▶ _Dataset section_:

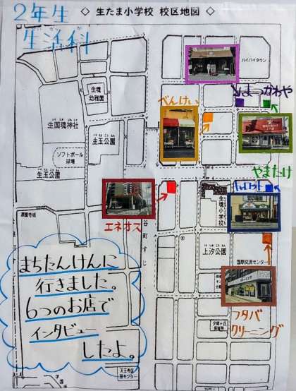 廊下の壁には、先日の「まちたんけん」の地図の掲示があります。
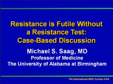 Title: Resistance is Futile Without a Resistance Test: Case-Based Discussion
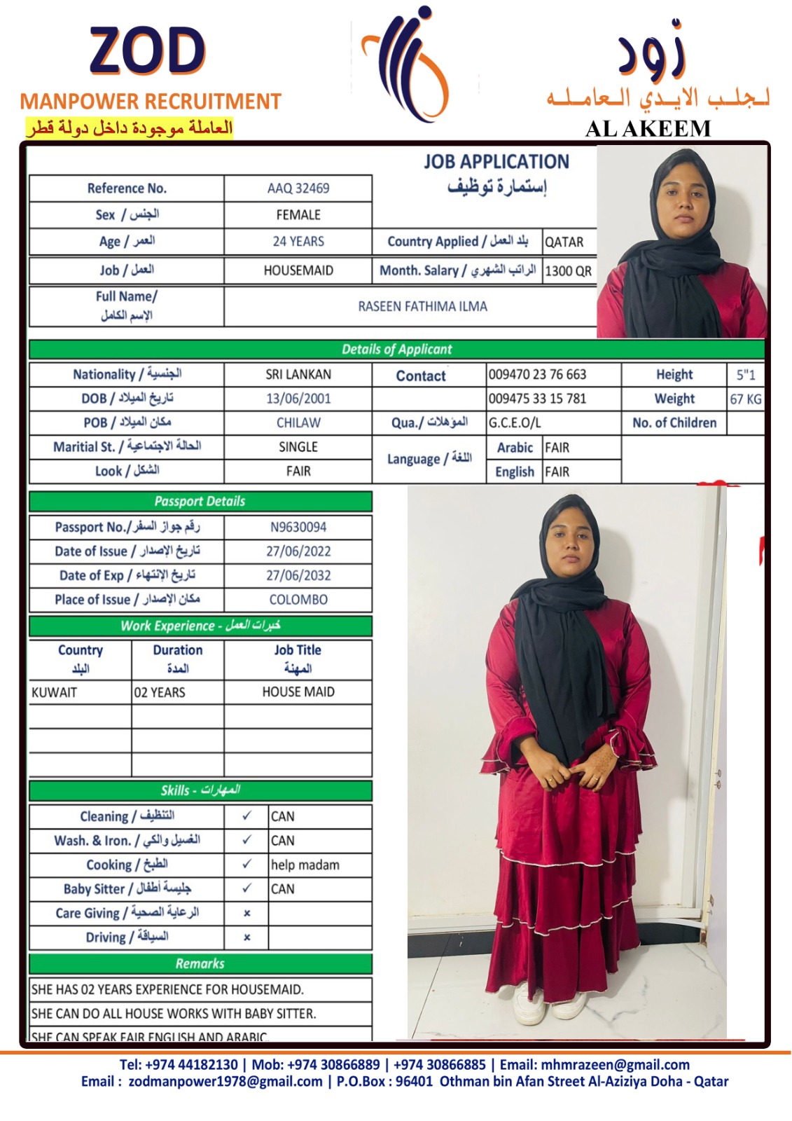 الاسم - عربي RASEEN FATHIMA ILMA

▶ _What the task requires_:
Word-for-word restatement: every line from the one with "Title: Resistance is" through the final line of the data, both ends included, pictures excluded.

▶ _Response area_:
 Title: Resistance is Futile Without a Resistance Test: Case-Based Discussion
 الاسم - عربي RASEEN FATHIMA ILMA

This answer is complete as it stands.